Problem description –
What you write must be the listing below in full, word for word, minus its pictures.

Dataset content –

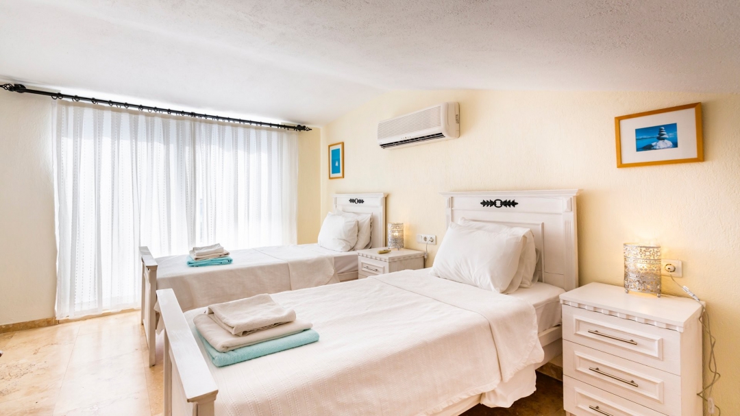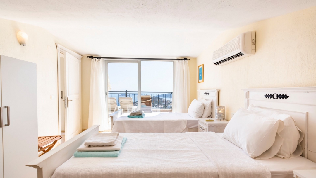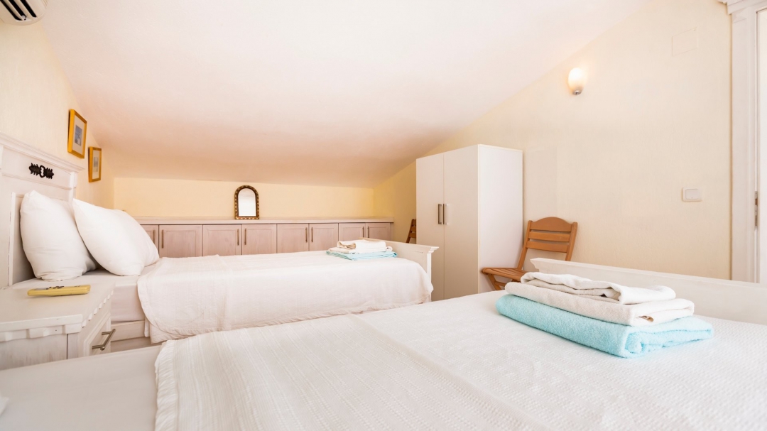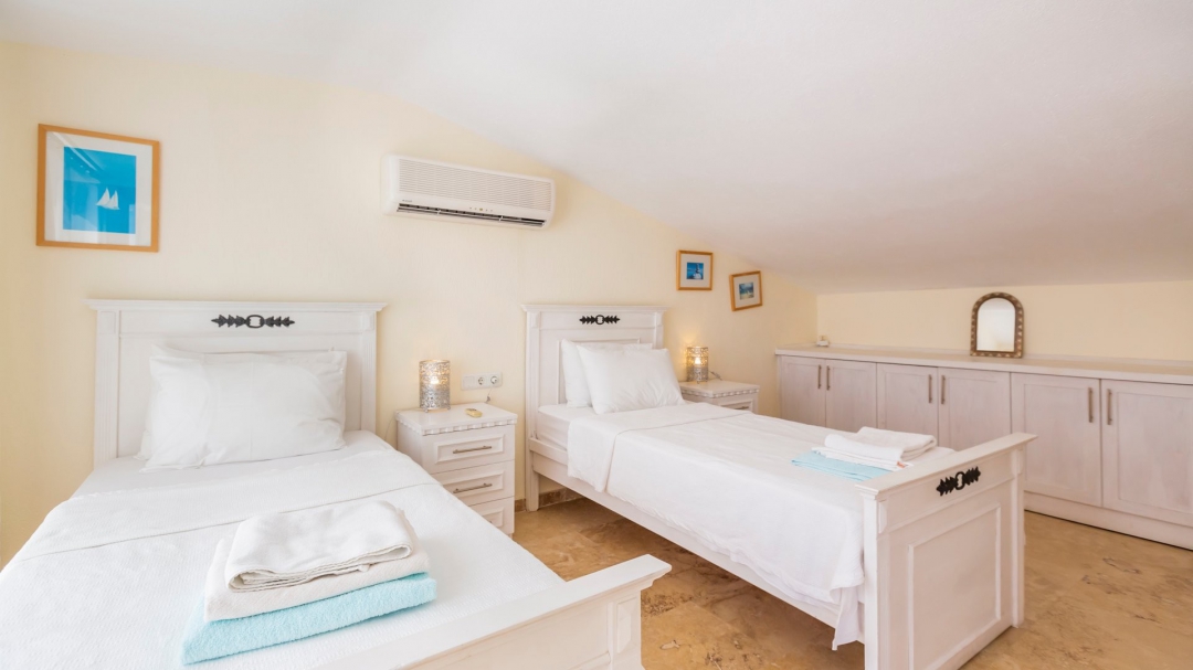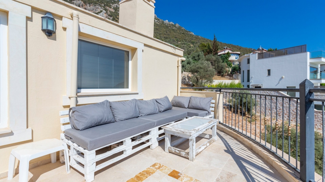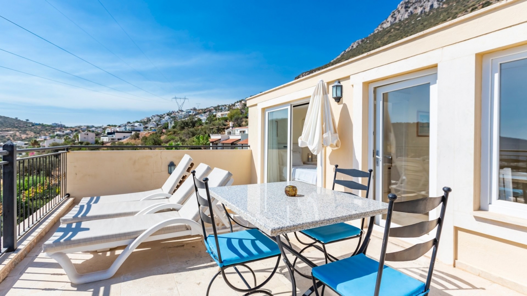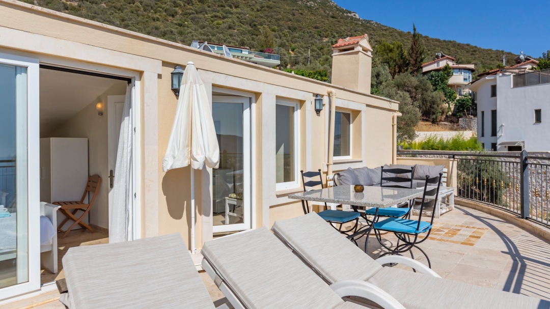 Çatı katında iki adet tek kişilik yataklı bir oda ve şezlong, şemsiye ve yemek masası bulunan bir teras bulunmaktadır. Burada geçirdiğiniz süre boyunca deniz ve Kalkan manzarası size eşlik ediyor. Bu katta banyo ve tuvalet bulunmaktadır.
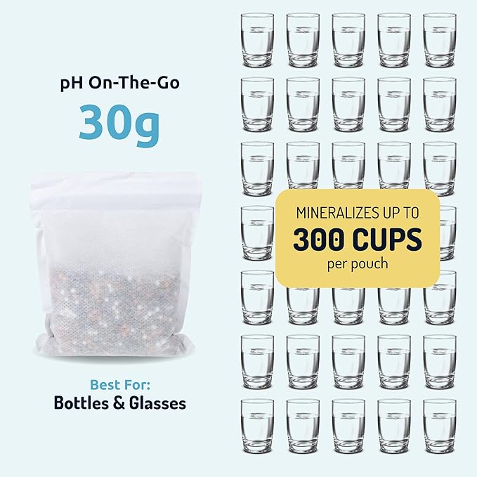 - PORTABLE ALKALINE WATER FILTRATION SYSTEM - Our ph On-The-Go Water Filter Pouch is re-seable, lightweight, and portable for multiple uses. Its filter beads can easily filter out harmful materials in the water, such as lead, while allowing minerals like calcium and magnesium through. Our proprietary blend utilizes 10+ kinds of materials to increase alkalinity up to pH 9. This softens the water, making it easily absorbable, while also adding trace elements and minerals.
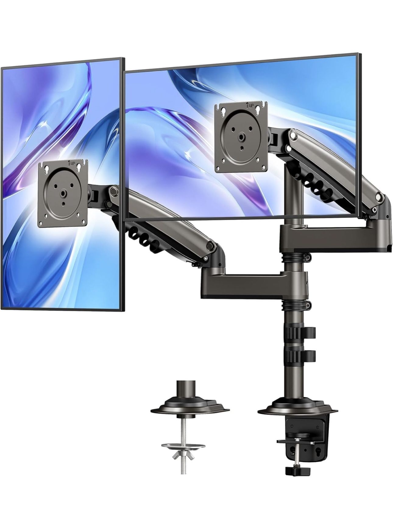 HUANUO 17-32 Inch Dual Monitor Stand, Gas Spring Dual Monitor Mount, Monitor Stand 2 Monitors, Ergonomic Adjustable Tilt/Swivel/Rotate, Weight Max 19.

Output of the task –
 Çatı katında iki adet tek kişilik yataklı bir oda ve şezlong, şemsiye ve yemek masası bulunan bir teras bulunmaktadır. Burada geçirdiğiniz süre boyunca deniz ve Kalkan manzarası size eşlik ediyor. Bu katta banyo ve tuvalet bulunmaktadır.
 - PORTABLE ALKALINE WATER FILTRATION SYSTEM - Our ph On-The-Go Water Filter Pouch is re-seable, lightweight, and portable for multiple uses. Its filter beads can easily filter out harmful materials in the water, such as lead, while allowing minerals like calcium and magnesium through. Our proprietary blend utilizes 10+ kinds of materials to increase alkalinity up to pH 9. This softens the water, making it easily absorbable, while also adding trace elements and minerals.
 HUANUO 17-32 Inch Dual Monitor Stand, Gas Spring Dual Monitor Mount, Monitor Stand 2 Monitors, Ergonomic Adjustable Tilt/Swivel/Rotate, Weight Max 19.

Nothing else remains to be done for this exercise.